The TB potential of anti-Pvg37 IgGs was further assessed through mosquito feeding assays. In a passive antibody transfer experiment, anti-Pvg37-P2 IgGs significantly reduced the number of oocysts per midgut in mosquitoes by 80.2% compared to the control group ( Figure 4C ), although we did not observe noticeable TBA for the anti-Pvg37-P2 IgGs ( Figure 4D ).

We studied Pvg37 expression and localization in clinical P. vivax samples. In both male and female gametocytes, Pvg37 exhibited cytoplasmic localization and a punctate distribution along the plasma membrane. In contrast, the control IgGs did not show any staining in P. vivax gametocytes. These findings demonstrate that anti-Pvg37-P2 IgGs specifically reacted with P. vivax gametocytes ( Figure 5A ).

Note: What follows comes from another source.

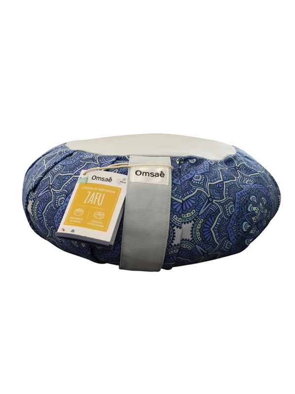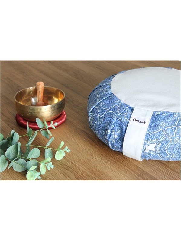 Zafu en sarrasin au motif mandala bleu Omsaé

To investigate the efficacy of anti-Pvg37-P2 IgGs in blocking P. vivax transmission, DMFA was performed using P. vivax samples collected from four Thai patients with P. vivax mono-infection, as confirmed by PCR analysis targeting the 18S rRNA using species-specific primers. In DMFA, An. dirus mosquitoes feeding on all four blood samples mixed with pre-immune antibodies displayed a mean midgut oocyst intensity of 4.3, 75.4, 111.2, and 69.4, respectively ( Table 1 ). In comparison, mosquitoes feeding on the same blood samples mixed with the anti-Pvg37-P2 IgGs at a 2.5 μg/μL concentration showed a mean infection intensity of 2.3, 50.6, 55.2, and 49.6 oocysts per midgut, corresponding to a respective reduction in oocyst density by ~5.9%, 32.9%, 50.4%, and 28.6% (P < 0.05, Figure 5B ; Table 1 ). However, compared to the control antibodies, the anti-Pvg37-P2 IgGs did not show a significant reduction in infection prevalence ( Figure 5B ; Table 1 ).

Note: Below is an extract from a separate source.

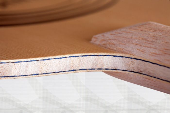 If you are looking for an extremely fast, but slightly offensive frame without a core layer from Balsa, you cannot ignore this frame. Despite the high tempo, it still has a soft and sensitive ball reception which is exceptional in this tempo class. The control value is also exceptionally high, because the Ultra Power is more elastic than comparable offensive frames without Balsa. The SpinLord Ultra Power is an absolute top class frame and for players who are looking for something extraordinary and can afford it. The outer layers are made from the best Hinoki in a thickness of 1.0 mm. The plastic Aramid is used under the top layers. Aramid is much higher quality than Carbon and provides a soft and sensitive ball acceptance. The core layer is made of 5.0 mm thick Kiri. This is how thick the core layers from Balsa are normally and this frame should weigh about 95 grams. The truck, the handle scales, and nothing else, are made of solid Balsa. This makes the low weight of this frame possible.

The genetic diversity of malaria vaccine candidates in endemic parasites poses a challenge to vaccine development (Takala and Plowe, 2009). To investigate whether the variability of TRA among the different isolates might be attributed to genetic polymorphisms of the pvg37 gene, we sequenced the pvg37 gene fragments from the four P. vivax isolates used in DMFA. Our results showed that these samples had identical amino acid sequences of Pvg37 with the Sal-I strain ( Supplementary Figure S2 ).